- TASK STATEMENT
Make an exact copy of the entries below with the pictures removed.

*** Opening of RECORDS SUPPLIED ***

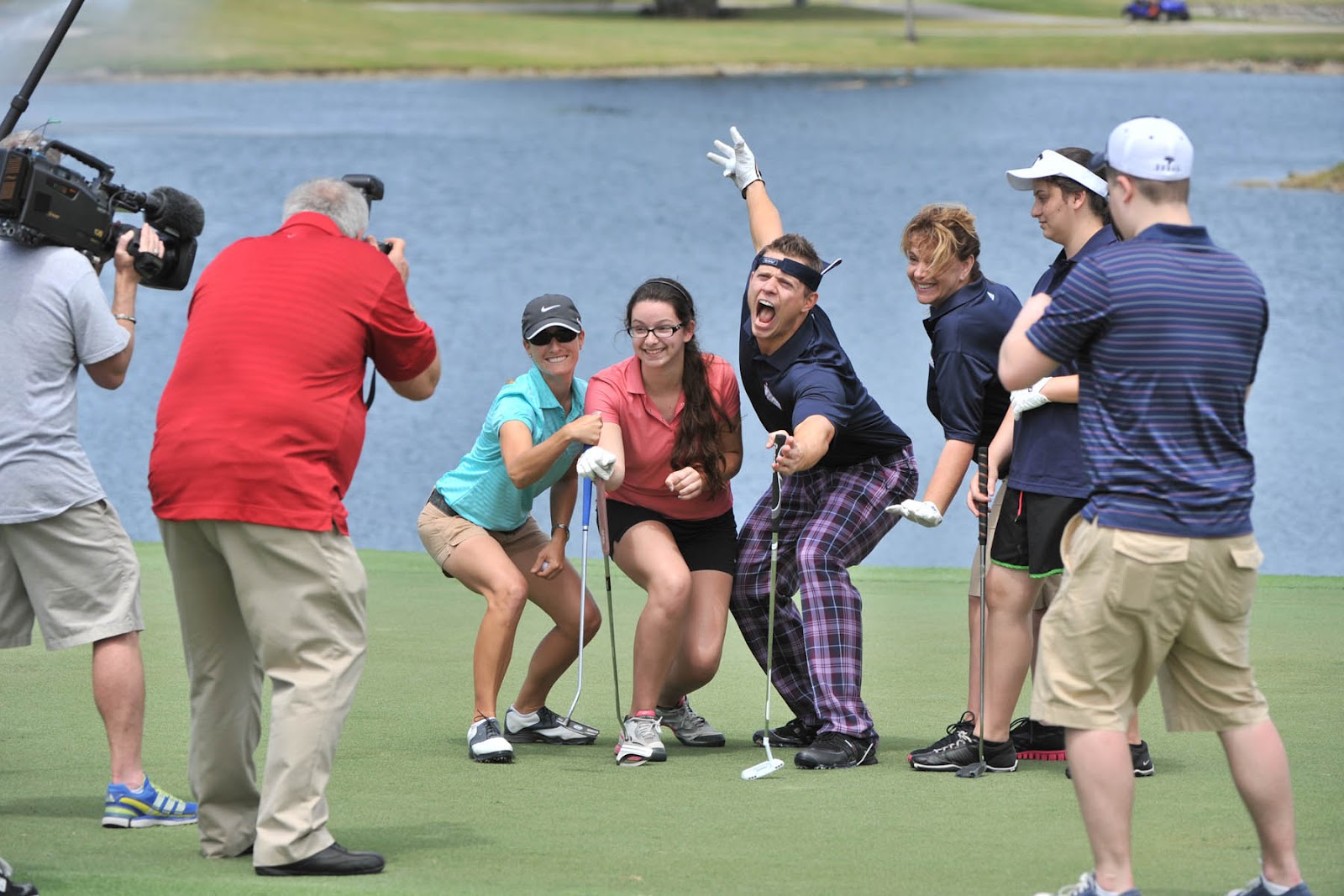 If you missed Sunday’s Wrestlemania XXVIII, well, I heard it was a good one, and I read somewhere that the Rock was victorious over John Cena. The undercard to that epic battle, though, was an epic scramble of WWE superstars at Doral Resort and Spa. The folks at WWE were kind enough to send me these pics of the Big Show putting (that’s probably a belly putter he’s using, but his size makes it look like a belly putter) and the always annoying Miz celebrating what was surely a missed two-foot putt.
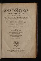 The anatomy of melancholy : what it is. With all the kindes, causes, symptomes, prognosticks, and severall cures of it - in three maine partitions, with their severall sections, members, and subsections / philosophically, medicinally, historically, opened and cut up by Democritus Junior [i.e. Robert Burton] - with a satyricall preface, conducing to the following discourse. Public Domain Mark. Source: Wellcome Collection.
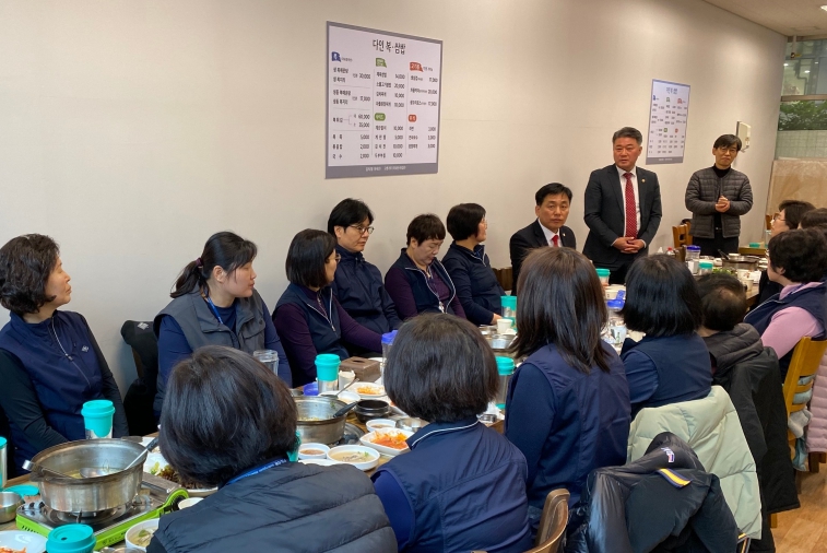 오찬 후 이어진 간담회에서 청사 환경 관리 직원들은 ▲힐링과 사기 충전을 위한 워크숍 개최 ▲본인이 원하는 시기에 휴가를 쓸 수 있도록 직원 충원 ▲편의시설인 샤워실의 조속한 완공 등을 제안했다.
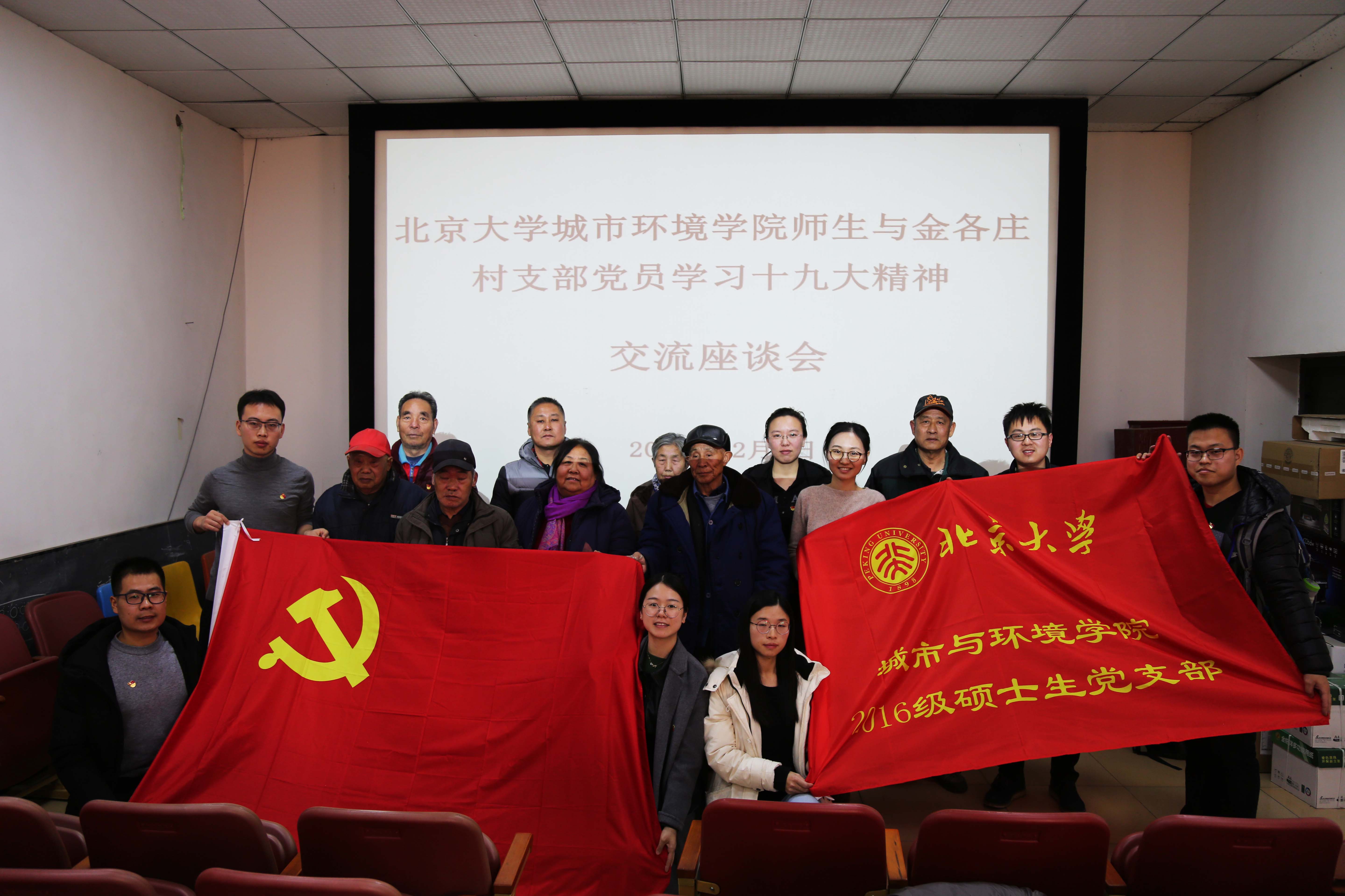 情况以及学院开展的学生党建工作,并表示很高兴能有机会能够带学院党员学生来到西集镇和金各庄村,学习党建工作经验,聆听基层老党员们的心声,共同学习十九大精神。她提到,西集镇党建服务特色模式以及金各庄村村干部为“煤改气”等民生项目的辛勤付出非常值得学院师生学习,学生党员此行充分了解了党员干部在基层工作的敬业奉献精神,当以此为激励,更加坚定为人民谋幸福、为民族谋复兴的理想信念。同时,她希望同学们结合专业知识,发挥自身优势,加强与基层党员和群众的交流,希望学生党支部与村镇党支部建立长期联系,深入了解需求,为党建工作交流和村镇发展贡献青年力量。 同学们也深入阐述学习十九大的体会,并对生态文明建设、乡村振兴、运河两岸文化带、煤改气工程、果树种植销售等问题进行提问,村镇同志耐心解答。现场气氛热烈,同学们收获良多,同时对村镇发展提出了很多专业性的建议。 座谈会现场 同学们与村镇干部深入交流 会后,村支书果松军带领师生们走到村民家中,实地考察煤改气工程,师生们仔细观察,详细询问。从室外的管道铺设、到室内的器具安装,从每天的燃气用量,到燃气价格村民是否满意等等,一切从村民现实生活出发,关注民生质量。通过实地走访考察,师生们对煤改气工程有了详细了解,也看到了中国在绿色发展道路上迈出的坚实步伐。 师生们实地参观“煤改气”线路铺设 师生们实地参观“煤改气”使用情况 合影 通过本次活动,党员们不仅对十九大的理解更加深入,也深深感受到基层干部坚守全心全意为人民服务的初心,同时意识到作为北大学生的责任与担当。支部成员纷纷表示将不忘初心,努力学习,回馈社会,为中国实现社会主义现代化强国的征程中贡献出自己的力量。
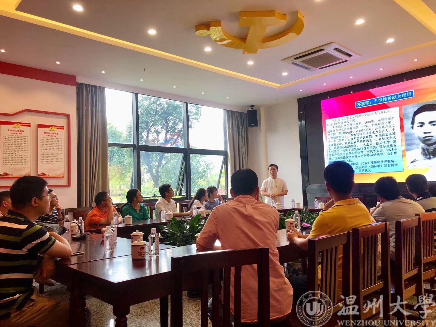 在党刚刚度过98岁生日之际,根据《关于以“不忘初心跟党走,牢记使命勇担当”为主题开展“红七月·服务月”活动的通知》和工作安排,beat365在线唯一官网全体教工党员于7月6日前往瓯江学院“瓯江红”党员之家开展主题党日活动。
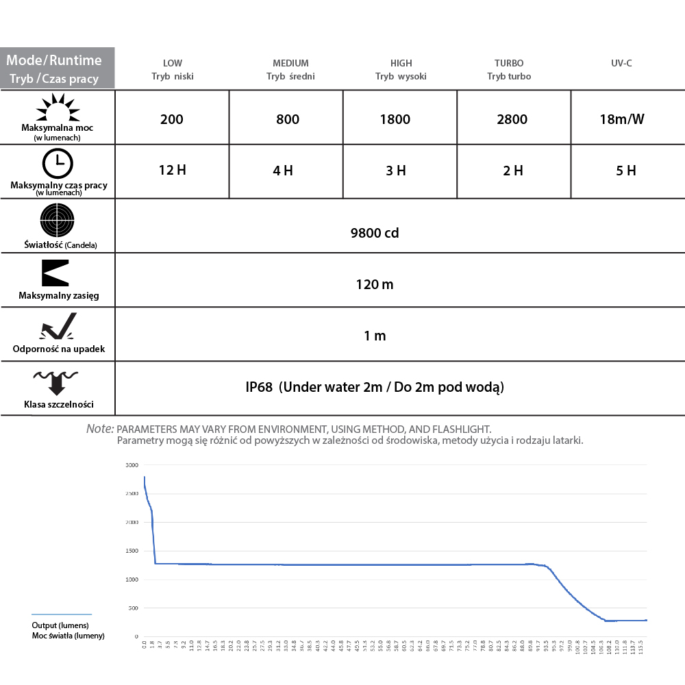 W przypadku oświetlenia głównego użytkownik ma do dyspozycji 5 trybów pracy latarki: tryb chwilowego podświetlenia (turbo) oraz 4 tryby światła stałego: niski, średni, wysoki, turbo.
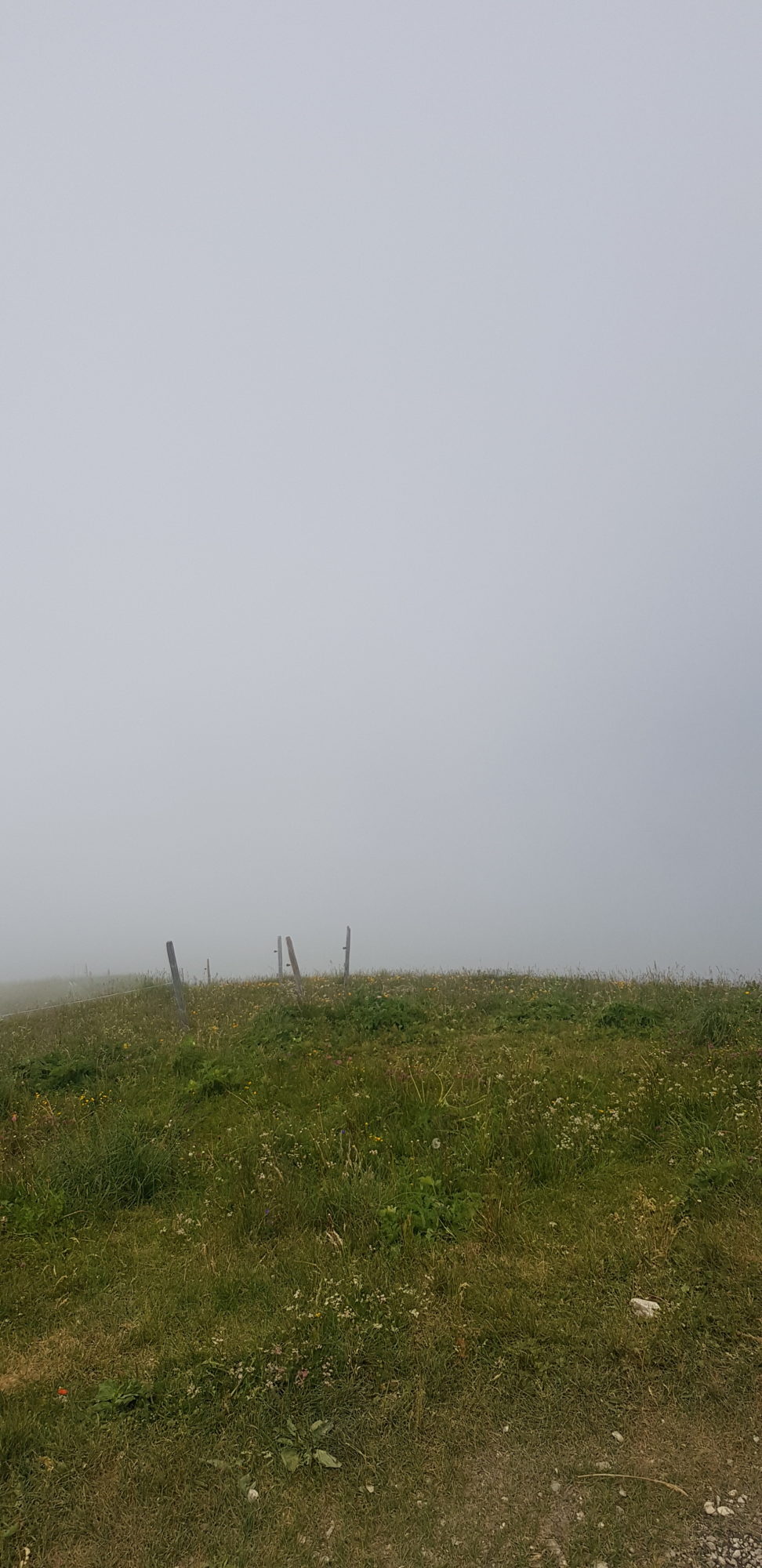 On est presque arrivées au sommet, et là on voit les nuages s’installer… mince, on se dépêche, mais on arrive trop tard. On loupe la vue qui nous attendait, car on voit que des nuages, le brouillard. On est un peu déçues, mais bon, au moins on s’en est pris plein la vue pendant la montée !

*** Close of RECORDS SUPPLIED ***

- ANSWER SECTION
 If you missed Sunday’s Wrestlemania XXVIII, well, I heard it was a good one, and I read somewhere that the Rock was victorious over John Cena. The undercard to that epic battle, though, was an epic scramble of WWE superstars at Doral Resort and Spa. The folks at WWE were kind enough to send me these pics of the Big Show putting (that’s probably a belly putter he’s using, but his size makes it look like a belly putter) and the always annoying Miz celebrating what was surely a missed two-foot putt.
 The anatomy of melancholy : what it is. With all the kindes, causes, symptomes, prognosticks, and severall cures of it - in three maine partitions, with their severall sections, members, and subsections / philosophically, medicinally, historically, opened and cut up by Democritus Junior [i.e. Robert Burton] - with a satyricall preface, conducing to the following discourse. Public Domain Mark. Source: Wellcome Collection.
 오찬 후 이어진 간담회에서 청사 환경 관리 직원들은 ▲힐링과 사기 충전을 위한 워크숍 개최 ▲본인이 원하는 시기에 휴가를 쓸 수 있도록 직원 충원 ▲편의시설인 샤워실의 조속한 완공 등을 제안했다.
 情况以及学院开展的学生党建工作,并表示很高兴能有机会能够带学院党员学生来到西集镇和金各庄村,学习党建工作经验,聆听基层老党员们的心声,共同学习十九大精神。她提到,西集镇党建服务特色模式以及金各庄村村干部为“煤改气”等民生项目的辛勤付出非常值得学院师生学习,学生党员此行充分了解了党员干部在基层工作的敬业奉献精神,当以此为激励,更加坚定为人民谋幸福、为民族谋复兴的理想信念。同时,她希望同学们结合专业知识,发挥自身优势,加强与基层党员和群众的交流,希望学生党支部与村镇党支部建立长期联系,深入了解需求,为党建工作交流和村镇发展贡献青年力量。 同学们也深入阐述学习十九大的体会,并对生态文明建设、乡村振兴、运河两岸文化带、煤改气工程、果树种植销售等问题进行提问,村镇同志耐心解答。现场气氛热烈,同学们收获良多,同时对村镇发展提出了很多专业性的建议。 座谈会现场 同学们与村镇干部深入交流 会后,村支书果松军带领师生们走到村民家中,实地考察煤改气工程,师生们仔细观察,详细询问。从室外的管道铺设、到室内的器具安装,从每天的燃气用量,到燃气价格村民是否满意等等,一切从村民现实生活出发,关注民生质量。通过实地走访考察,师生们对煤改气工程有了详细了解,也看到了中国在绿色发展道路上迈出的坚实步伐。 师生们实地参观“煤改气”线路铺设 师生们实地参观“煤改气”使用情况 合影 通过本次活动,党员们不仅对十九大的理解更加深入,也深深感受到基层干部坚守全心全意为人民服务的初心,同时意识到作为北大学生的责任与担当。支部成员纷纷表示将不忘初心,努力学习,回馈社会,为中国实现社会主义现代化强国的征程中贡献出自己的力量。
 在党刚刚度过98岁生日之际,根据《关于以“不忘初心跟党走,牢记使命勇担当”为主题开展“红七月·服务月”活动的通知》和工作安排,beat365在线唯一官网全体教工党员于7月6日前往瓯江学院“瓯江红”党员之家开展主题党日活动。
 W przypadku oświetlenia głównego użytkownik ma do dyspozycji 5 trybów pracy latarki: tryb chwilowego podświetlenia (turbo) oraz 4 tryby światła stałego: niski, średni, wysoki, turbo.
 On est presque arrivées au sommet, et là on voit les nuages s’installer… mince, on se dépêche, mais on arrive trop tard. On loupe la vue qui nous attendait, car on voit que des nuages, le brouillard. On est un peu déçues, mais bon, au moins on s’en est pris plein la vue pendant la montée !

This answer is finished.